Please restate word for word the lines from the top of the entries through the line that contains "- Huella de", and do not include any pictures.

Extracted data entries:
**********

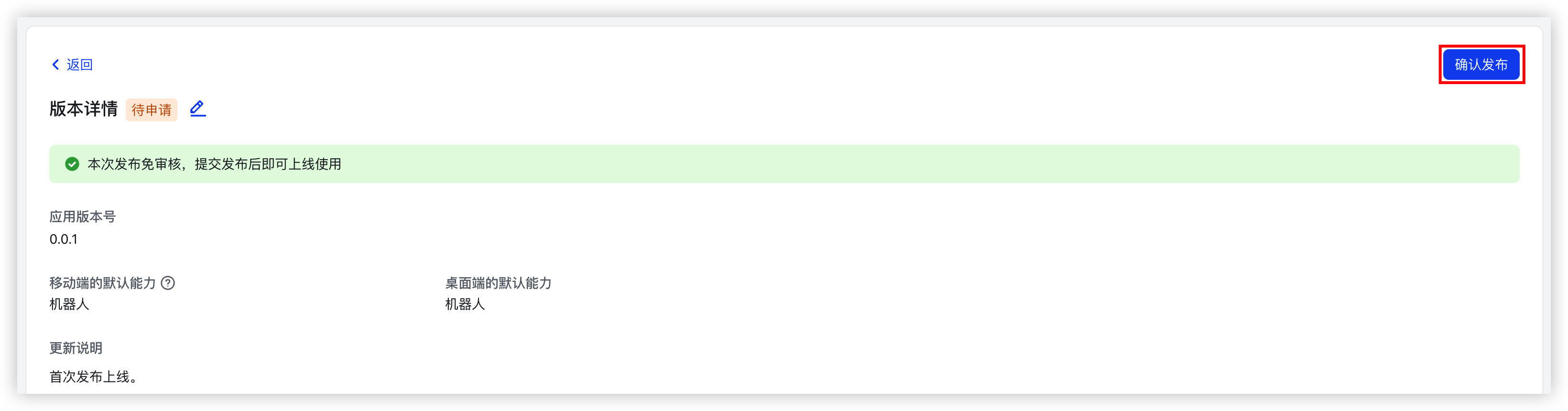 - 单击页面右上角的“确认发布”按钮,完成应用发布。
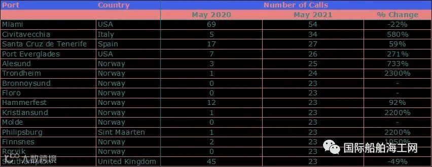 欧洲国家在2021年5月的邮轮靠泊数显著增加。因为邮轮恢复航行后,意大利奇维塔韦基亚港(Civitavecchia)的靠泊数同比增加了580%。挪威众多港口的靠泊数也显著增加。
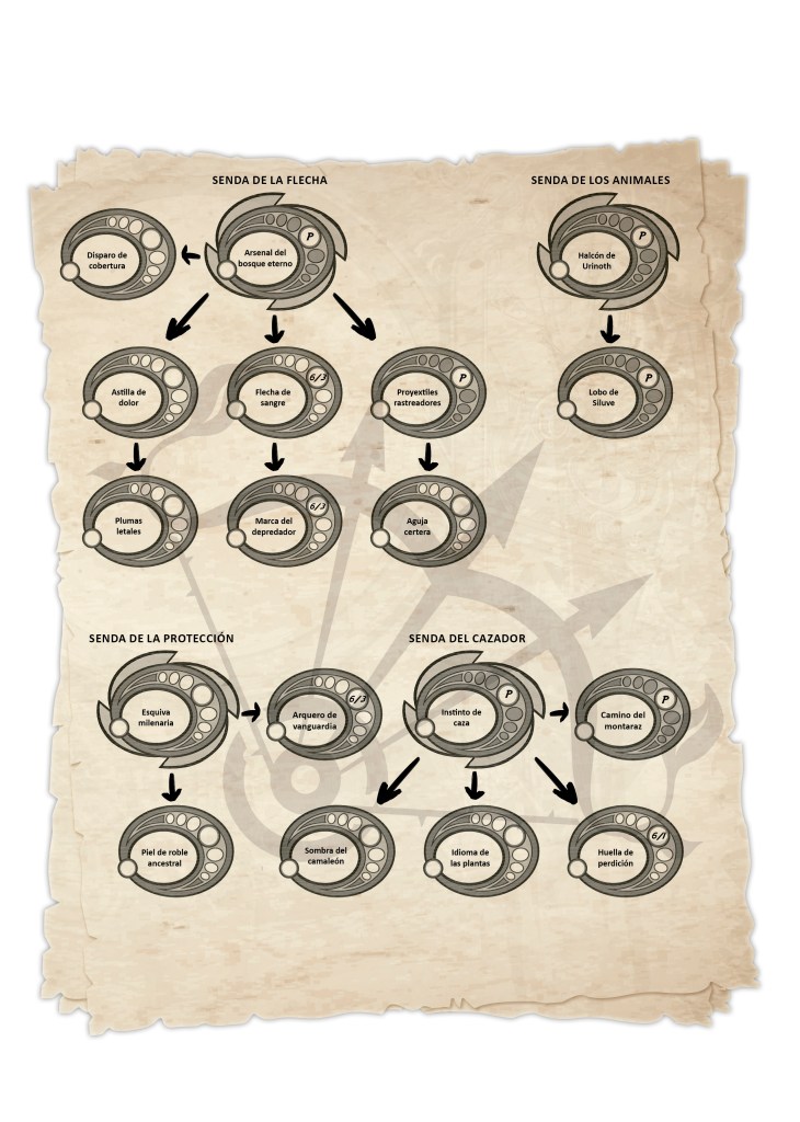 - Huella de la perdición: El personaje obtiene visión de una criatura rastreada y puede transportarse con sus aliados junto a ella.
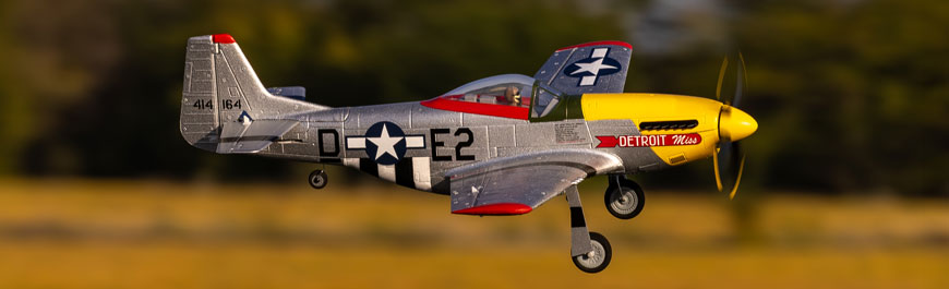 The E-flite® UMX™ P-51D Mustang is a warbird version of the popular UMX P-51D Voodoo racer that’s finished in the historic “Detroit Miss” trim scheme making it the most affordable, convenient, and easiest-to-fly model of the iconic WWII fighter yet!
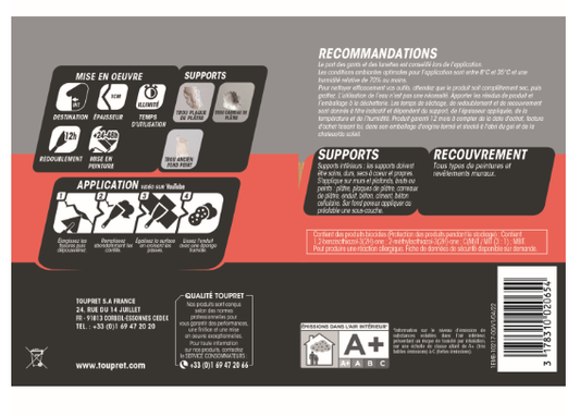 Enduit de rebouchage en pâte Elastique TOUPRET blanc 1 kg
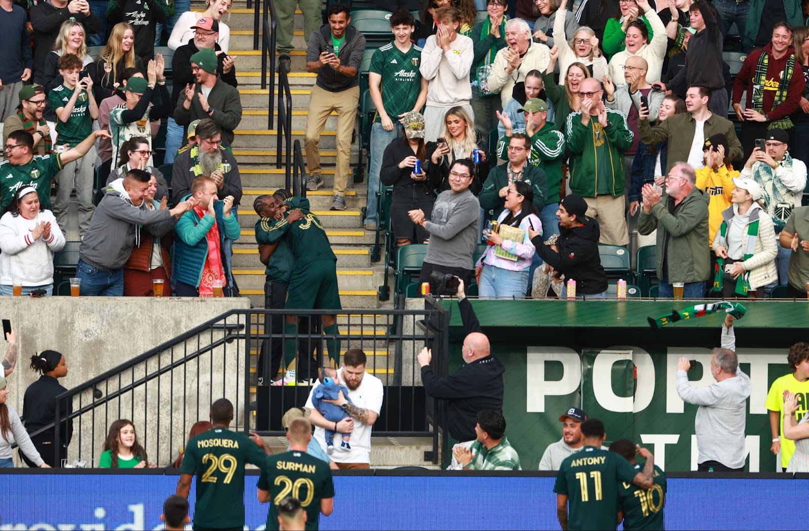 There are two notable embraces occurring here. Moreno hugging his mom is obviously the focus, but Antony has his right arm around Da Costa in the bottom right. It has almost been two years since the Brazilian arrived in Portland while only speaking Portuguese. Evander and Nathan Fogaca helped him settle, and a fully comfortable Antony is tied for the 3rd-most goal contributions in the entire league. He’s helped Da Costa settle in Portland, and both Portuguese speakers have some of the best chemistry on the team. Look at Juan Mosquera, who is probably shouting encouragement to one of the players that helped him settle in this foreign land. This team is still fueled by the power of friendship, above all else. But it was one players’ love for his mother that created the magic moment to give them all three points. Year 50 rolls on, with a bicycle kick chapter now added to a growing book. They bounced back, and now it’s time to embark on a difficult week with a trip to Salt Lake City and their only home clash with their biggest rivals on the horizon. The climb continues.
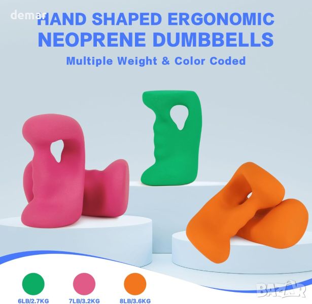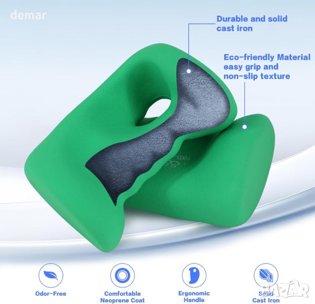 Ергономичните дъмбели HXD-ERGO, проектирани да отговарят на човешката длан, осигуряват удобен захват, който намалява умората на китките, идеални за различни кардио тренировки, включително бягане, йога и бокс. Тези дъмбели разполагат със солидна чугунена сърцевина с неопреново покритие за издръжливост, нехлъзгащо боравене и лесно почистване. Те са естетически издържани, предлагат се в атрактивни цветове и могат да се съхраняват на стандартни поставки за дъмбели. Перфектен като декоративен и функционален подарък за фитнес ентусиасти, комплектът включва полезни практически съвети.

**********

EXERCISE RESPONSE:
 - 单击页面右上角的“确认发布”按钮,完成应用发布。
 欧洲国家在2021年5月的邮轮靠泊数显著增加。因为邮轮恢复航行后,意大利奇维塔韦基亚港(Civitavecchia)的靠泊数同比增加了580%。挪威众多港口的靠泊数也显著增加。
 - Huella de la perdición: El personaje obtiene visión de una criatura rastreada y puede transportarse con sus aliados junto a ella.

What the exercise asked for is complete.